The Top Five 2017 AWS Re:Invent Announcements Impacting Bioinformatics

The sixth annual Amazon Web Services (AWS) Re:Invent conference was held last week in Las Vegas. Like years past, 2017 Re:Invent was a dizzying week of new announcements, enhancements to existing products, and interesting prognostications on the future of cloud computing.

The first Re:Invent conference was held in 2012. 6000 attendees gorged themselves on keynotes, sessions, hackathons, bootcamps, cloud evangelism, and video games. Not much has changed, except for the number of attendees. 2017 boasted 43,000 attendees with a conference campus spread across multiple venues on the Las Vegas strip. It was not difficult to get your 10,000 steps in this year.

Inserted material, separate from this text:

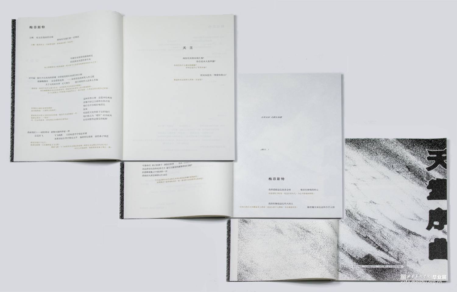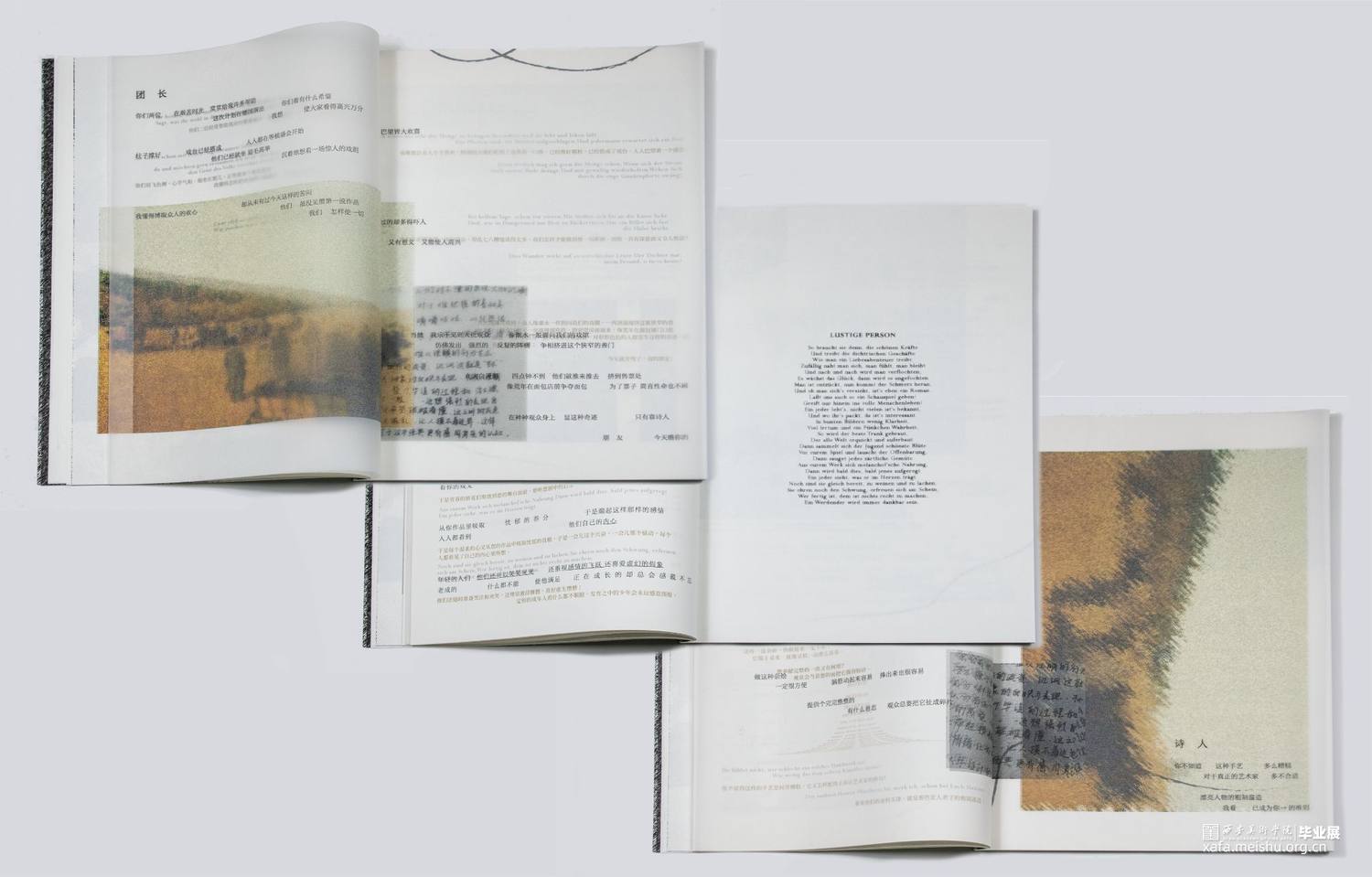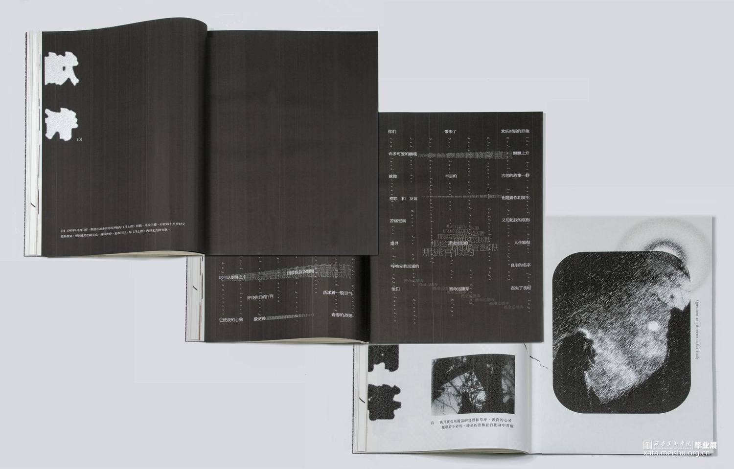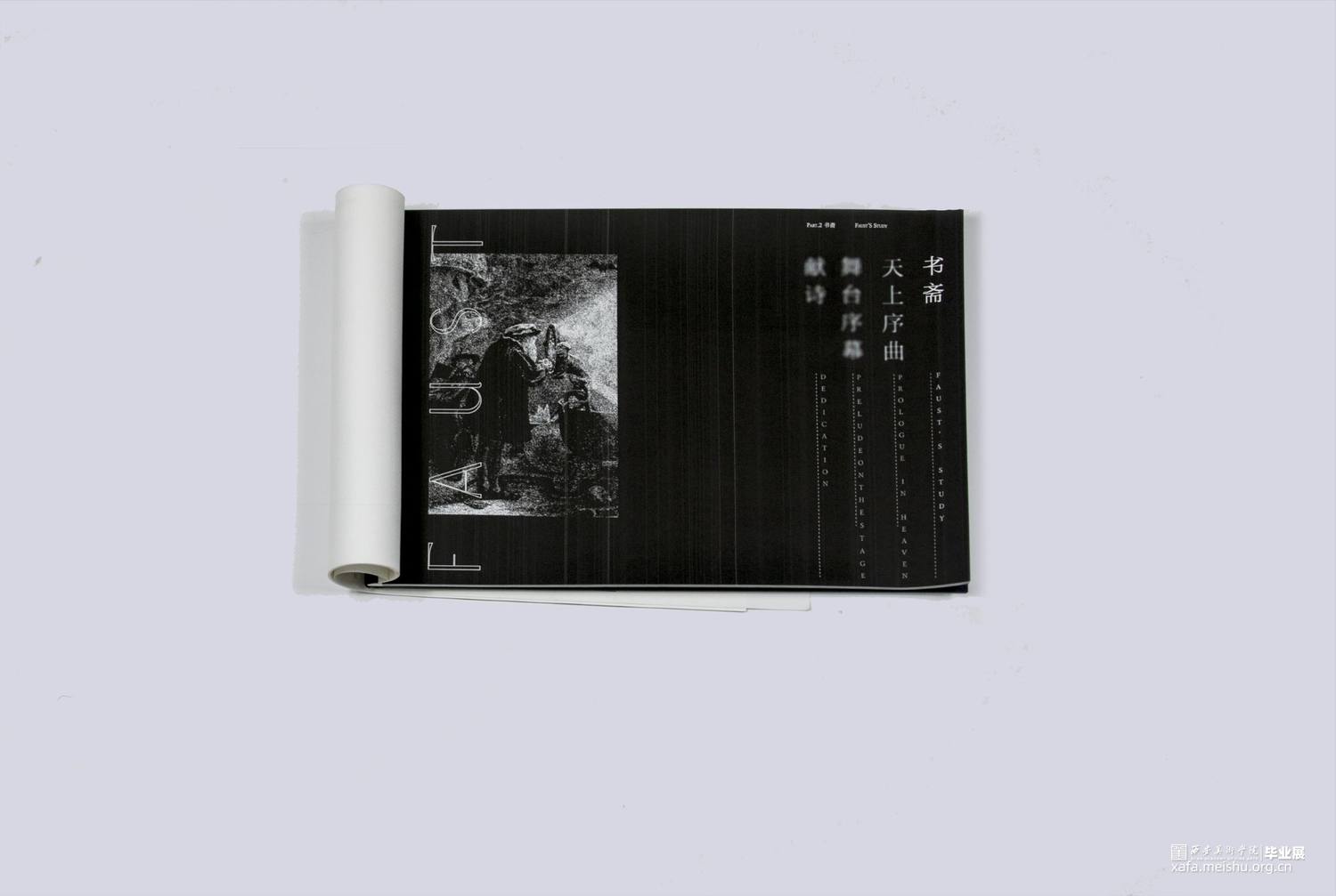 这是一次解构主义思维下的书籍设计尝试。《浮士德》作为一部拥有众多译本的著作,译者的每一次转译,都可以看作是对其新的解读与二次创作。当文字的绝对性被弱化、消解后,该如何将信息以及感受传达?《书斋问答》是在这种思考下诞生的作品。作品包含三册书籍设计、一册整合本、一册成员小记,实验性海报及一部实验性短篇。作品并非在传达可读性,其构筑出的是一场关于书斋的感受,书籍设计在字号字距、内文顺序、图像处理及纸张材料选择上均有变化,亦可理解为作者对《浮士德》的拆解过程与全新诠释。

I’ve been fortunate to attend Re:Invent every year. In 2012, I’d already been using AWS for nearly 5 years and was thoroughly convinced of it utility and value. In those early days, there was still a lot of reluctance and skepticism of the cloud, particularly in academic settings. To some extent, these biases still exist which partially explains the slower uptake of the cloud for academic projects. By now, I think it’s overwhelmingly clear that academic compute and basic research projects should be leveraging the many benefits of building and deploying on the cloud.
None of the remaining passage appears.